What is NOT Included In Our Base Package
We have the following limitations in our base-package but we can include these services on a case-by-case basis at an additional cost.
- No live querying of the web, any database, or API is supported.
- No voice recognition or text-to-speech is supported.
- No fine-tuning or fine-tuned LLM is included. Only the foundation model is utilized as part of the base package.
- Only GPT-4 with a 128K Token context window will be utilized in our base package.
- Only text modality is supported and no image generation or analysis will be supported.
- No code interpreter/workspace will be supported.
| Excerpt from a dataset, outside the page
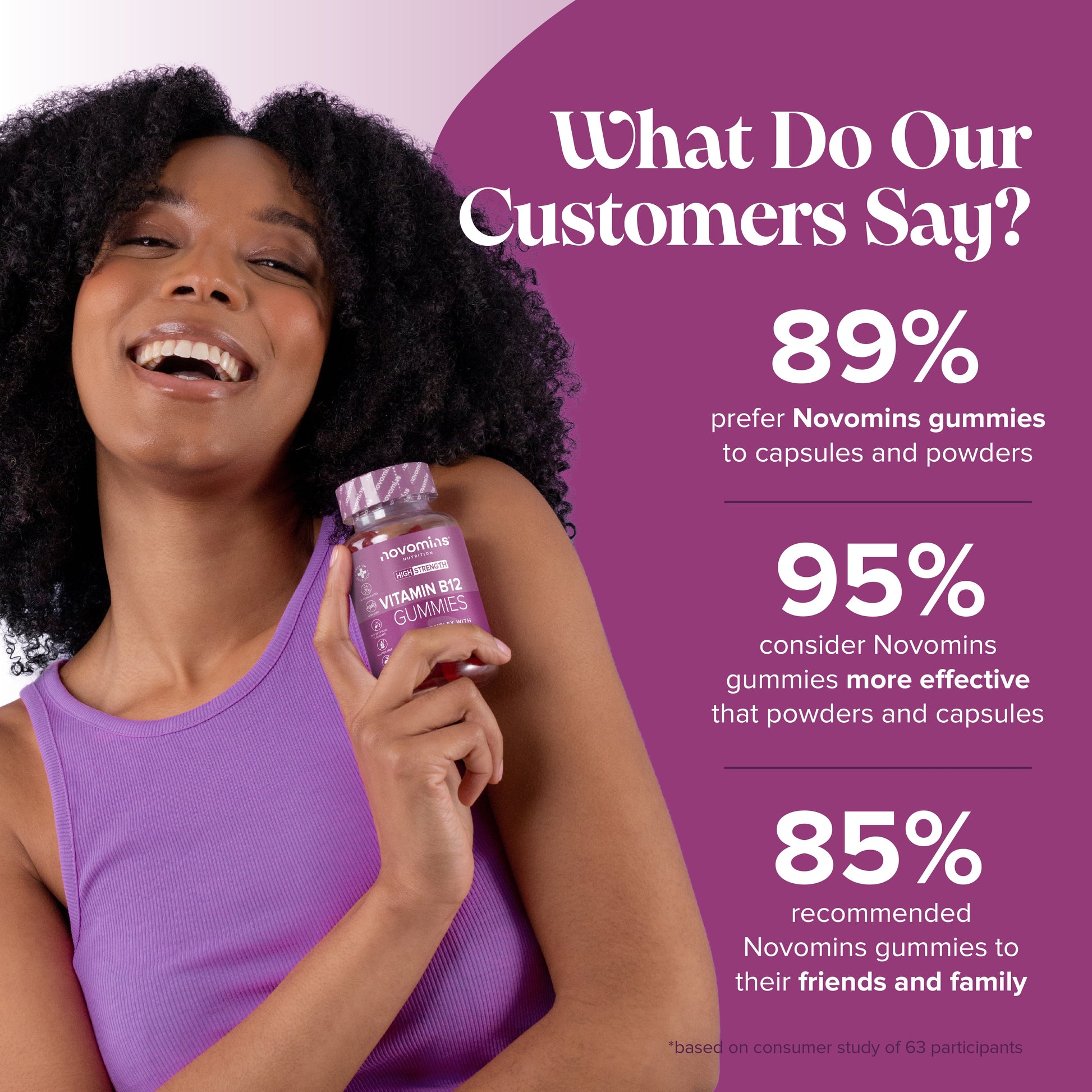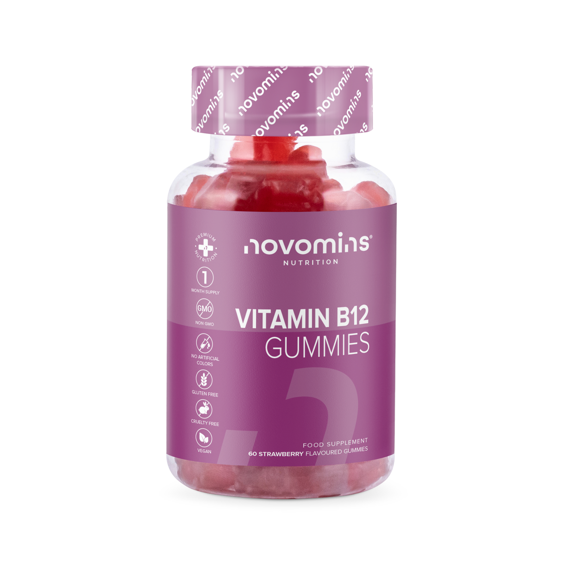 Novomins Vitamin B12 gummies are a delicious and convenient way to get your daily dose of this important nutrient. Made with natural flavours and colours, these gummies are vegan, gluten-free, and non-GMO.
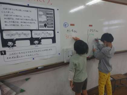 かけ算の計算の順番を変えても,答えが同じになることを確かめました。( )を使って式を立てるのが難しかったようですが,関係図を見ながら数字の意味を考えて式を立てました。

Cost to Self-host an AI Assistant
The cost of deploying a self-hosted AI Assistant can vary greatly depending on scalability, security, and high availability requirements. But to get started for about ~20 users, the total monthly cost is about $200 USD. It will go up from there as the number of users and consumption increases. For a large deployment, the cost can be about $500 per month. But understand that this cost is nothing compared to the amount of time it would save for each employee. While it’s possible for you to use AI Assistant as a Service companies who are external to your company, they may not offer the same level of control or customizability as a self-hosted solution.
Results and Limitations
Based on our experience, AI Assistants can boost productivity significantly, but the results will depend on your domain, quality of the documentation, and the knowledge store. One thing is sure, you can’t ignore this technology. Organizations that are able to harness the power of AI will have a competitive edge over their competitors.